As someone raised with the influence of a successful marriage, but signed divorce papers in the parking lot of a nearby shopping center, I struggle to wrap my mind around this notion of marriage and happily ever after. I was born in the 80’s. My ideals of marriage come from two sources, teachings of my parents and Cinderella fantasies. I didn’t realize how out of touch I was with reality until my situation became prevalent.
The rapid increase of divorce in American society has me baffled. In a small way, I shake my head in shame that so many people played with the idea of marriage. On the other hand, I think that the traditional vow needs reconsidering. Who came up with those vows anyway? And I question why I chose to follow them. Was I really willing to stick with someone through better or worse, even if the worse stripped me of my pride? Was I really willing to stick with someone until death parted us, even if we fell out of touch? There were too many things that I had not considered realistically. And I see now that I conformed to someone’s ideal of the way things should be, rather than what fit my life.
I’m not sure what causes this shift in American statistics. Now that I have become a statistic, I wanted to find out. Am I part of the problem, or am I catering an evolving solution?
I remember trying to convince my father that he and his first wife would have made it through anything had they both been willing to live up to their vows. Oh how naive I was. He tried to explain to me that things are not always so easy or agreeable. Years later I remember his words as others question my situation.
It just so happens that my own marriage succumbed to adulterous activities. The actions were no different than the actions that happened in countless other marriages for centuries. Why did I feel the need to liberate myself from that situation? Why couldn’t I stick it out like the other couples who had gone through it? Was it because I was taught that I should look out for me first? Or was it something else that caused me to move forward?

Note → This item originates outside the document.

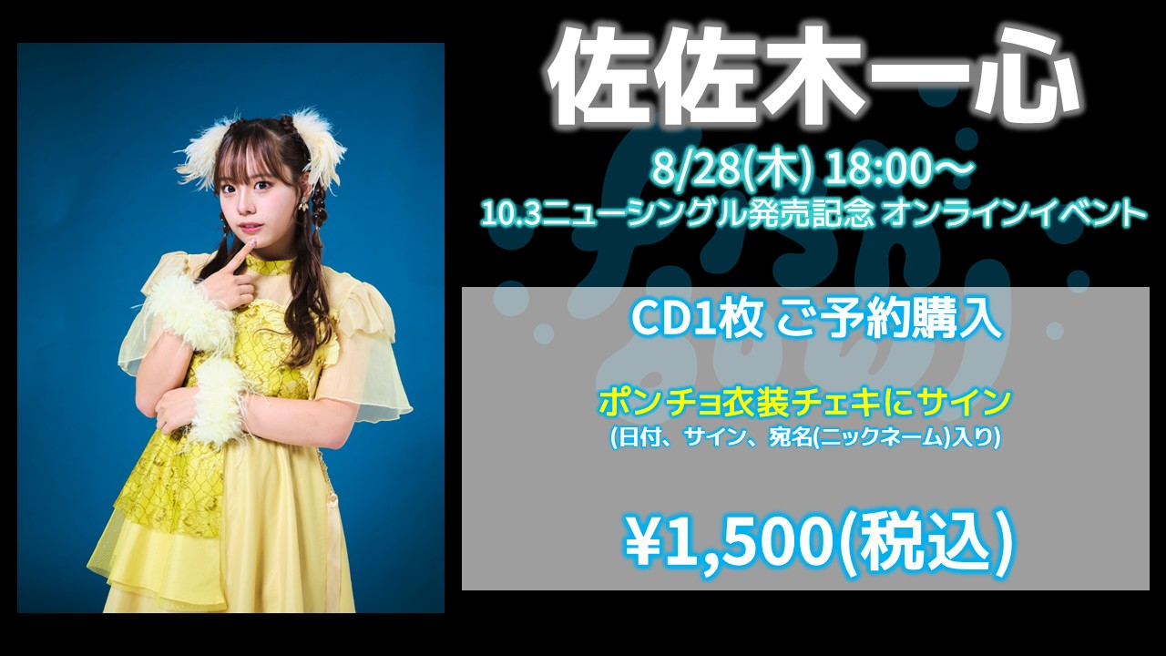 fishbowl / 佐佐木一心 CD1枚 ポンチョ衣装チェキにサイン(日付、宛名) 8/28(木)随時~

I’m learning that ending a marriage is more painful due to marital stipulations added by MAN. My husband and I were guilty of going through with the union just the way that MAN intended it to be. I was ignorant to the history of marriage and to the reality of what I was walking in to. So I just completed my research on the history of marriage.

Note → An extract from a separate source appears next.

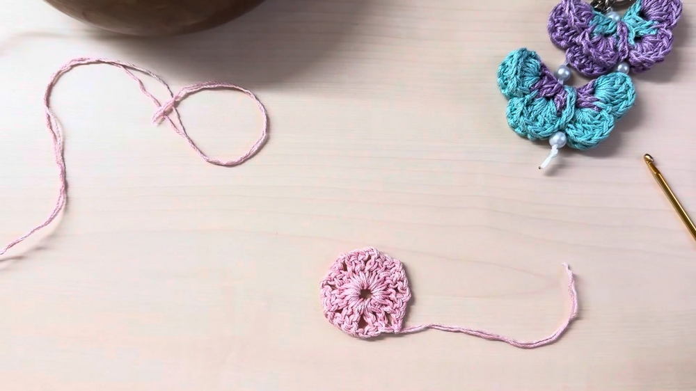- Finish the Base Round: Cut the pink thread and weave in ends as you work.

While doing research, I learned that ancient Rome had many influences on the marital sanction that I went through with my husband. It was the ideals of ancient Rome that formed boundaries in our marriage. They were the reason he gave me an engagement ring; because it was Rome that made it a symbolic figure (eternity) between a couple. It was also the influence of the Romans that we had a civil/religious ceremony to stamp our marriage.
Prior to 1545, European marriages were by mutual consent. The couple would merely promise to be married to one another and it was recognized. Sort of like me telling a guy that I’m serious about him.

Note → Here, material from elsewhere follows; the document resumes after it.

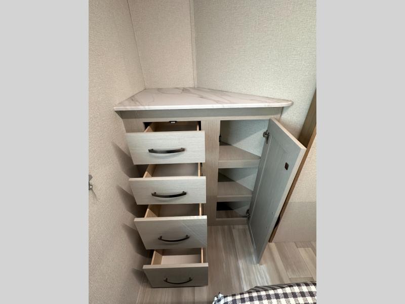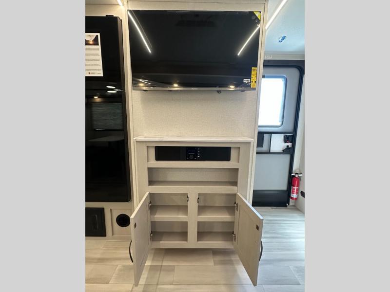 - Power Awning: 20 ft power awning with LED lights. Adds to outdoor shade and usability.
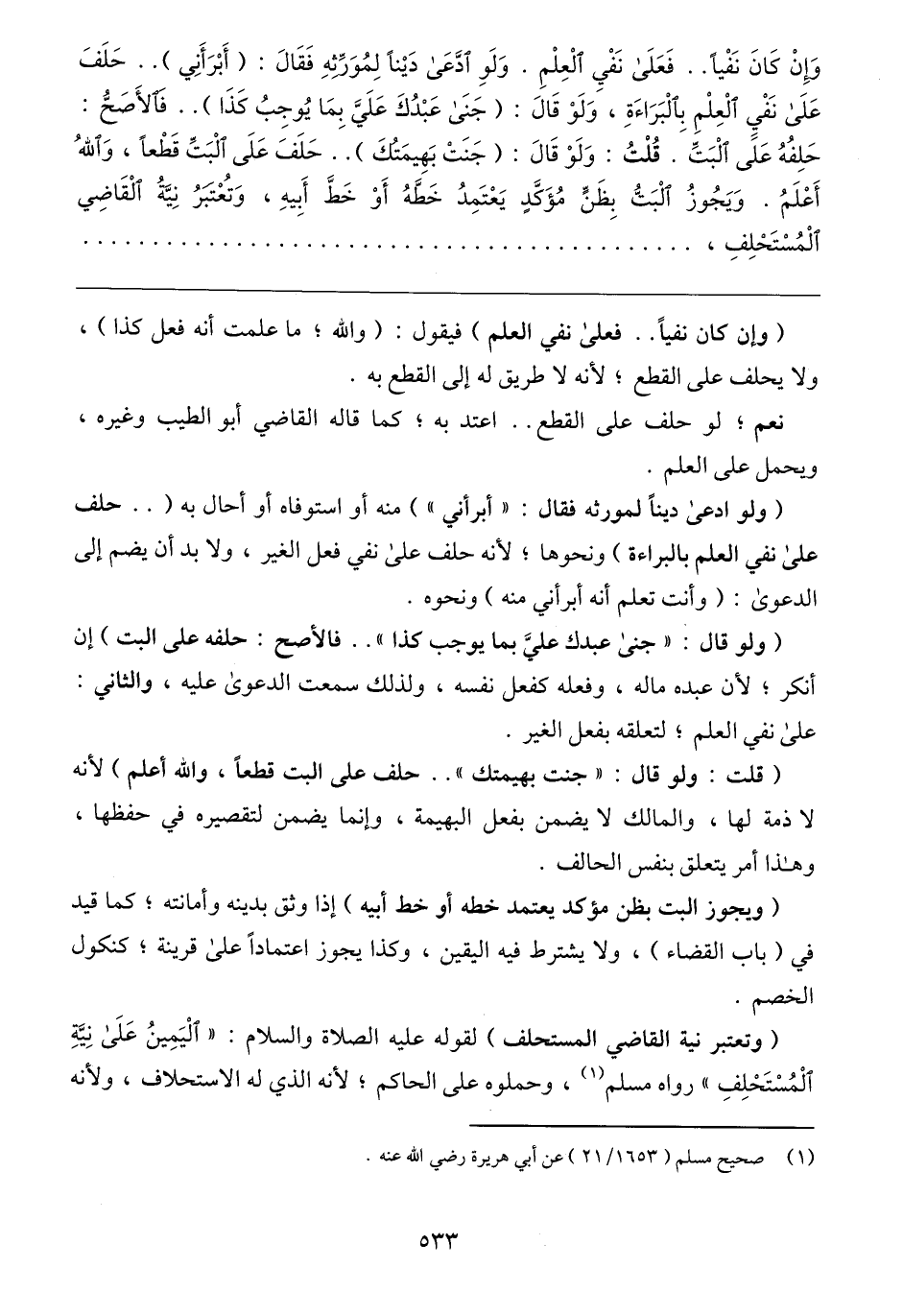 (وتعتبر نية القاضي المستحلف) لقوله عليه الصلاة والسلام: "الْيَمِينُ عَلَى نِيَّةِ الْمُسْتَحْلِفِ" رواه مسلم (١)، وحملوه على الحاكم؛ لأنه الذي له الاستحلاف، ولأنه

This verbal communication was accepted. Neither priests, nor witnesses had to be present for their sacred union. (This works perfect for me). It wasn’t until 1563 that the Council of Trent made the rule that marriages should be celebrated in the presence of a priest and at least two witnesses. (wth!) That explains the lady at the court standing in the room with my husband and I as we got married. She was the witness because the Council of Trent deemed it so. Not God (do you religious folk see where I’m going?). The Council’s decision was accepted by majority of Europe by the eighteenth century.
I know people get married for different reasons. My reason was to be with someone that I thought would love me mutually for the rest of my life. Looking back, with new understanding of the marital union, I think that I would have been just as happy living in my own spiritual union with my husband – without the boundaries society has set. Maybe marriage can be a series of short-term contracts (five years maximum). The idea of being with someone forever is a terrible idea.
Maybe if I were able to live freely with him as they did in 1545, I could have endured some of my marital blows, or it may have been easier for me to deal with our situation.
I am unsure if I will marry again, but if I do, it will be under MY terms. No promises of “for better or worse, or death do us part.” There are way too many factors waiting to mess that up. I want real talk with my next husband and a better understanding of what we are walking in to. No rules other than the rules we set.
I don’t know. Maybe I’ll look back on this one day and think that I was bitter and crazy for thinking this way. It’s all a mystery but definitely one that I appreciate for now.